Effective Database Indexing: A Guide for Software Engineers

This article explores the vital role of database schema design in addressing performance issues for software engineers working on backend systems. It delves into common pitfalls like underindexing, overindexing, and issues with volatile columns, offering practical solutions such as thoughtful indexing, denormalization, and leveraging in-memory caching.

databases
data
software architecture

By Senne Dirkx

On Sun Jan 14 2024

Massive data warehouse building in a cyber punk city

If you are software engineer on the application level that often deals with backend systems, I can almost guarantee you have encountered performance issues where the root cause was poor database schema design. I’ve encountered several of those in my career. While navigating through these challenges, I made a few mistakes. However, each misstep became a valuable lesson. Today, I’m excited to share these insights with you.

Databases and performance

Let’s get it out of the way: databases are complex. There are hundreds (thousands?) of different database system products available. Each one has its problems, quirks and performance tradeoffs. There is a lot that could go wrong in a backend system that uses a database. Such as (but definitely not limited to) sending inefficient SQL queries, using object relational mappings (ORMs) in an unintended way (e.g. the N+1 query problem), inadequate amount of resources allocated and more. But definitely one of the harder types of problems to solve is poor database schema design.

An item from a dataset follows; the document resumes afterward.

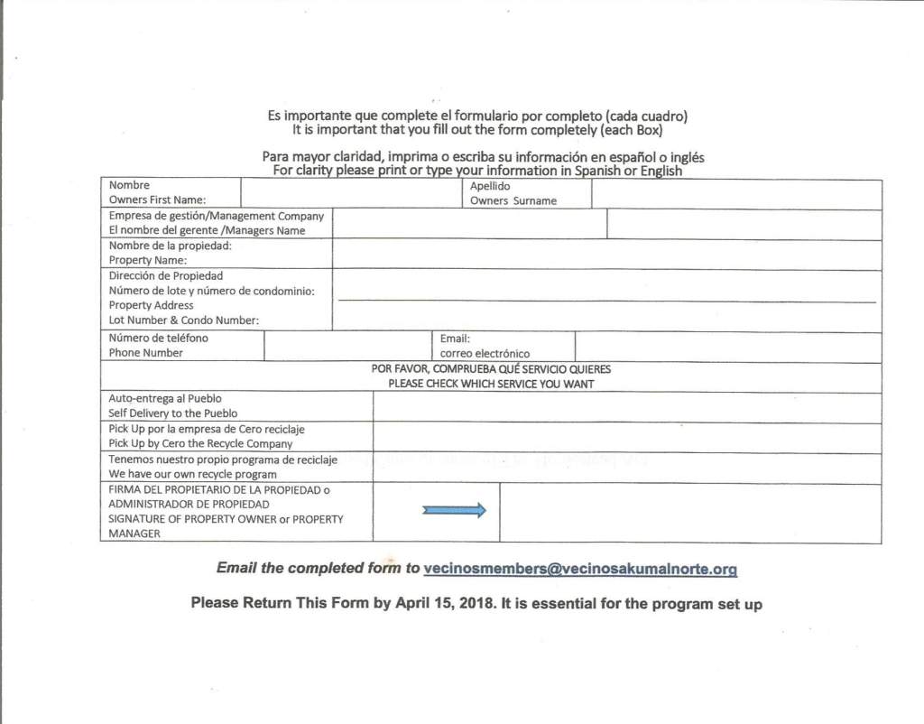 To participate is a very simple process. First fill out the attached form and email it back to Vecinos. If you already recycle, mark the form to signify this. The collected information is vital to setting up the best operating system possible. If you own a condo, please ask your building manager or HOA manager how your building could set up for the entire complex to participate.

Database schema design is an art form, in my opinion. There is so much that goes into it. You need to ask yourself the following questions when designing a schema for a feature: Which tables do I need and what should be the relations between them? Which tables contain which columns? What are the data types of those columns? What are the primary keys of those tables and what foreign keys am I using for the relations? Do I need other constraints to ensure the integrity of the data? And perhaps most importantly for performance: do I need indexes on my tables and, if so, on which columns?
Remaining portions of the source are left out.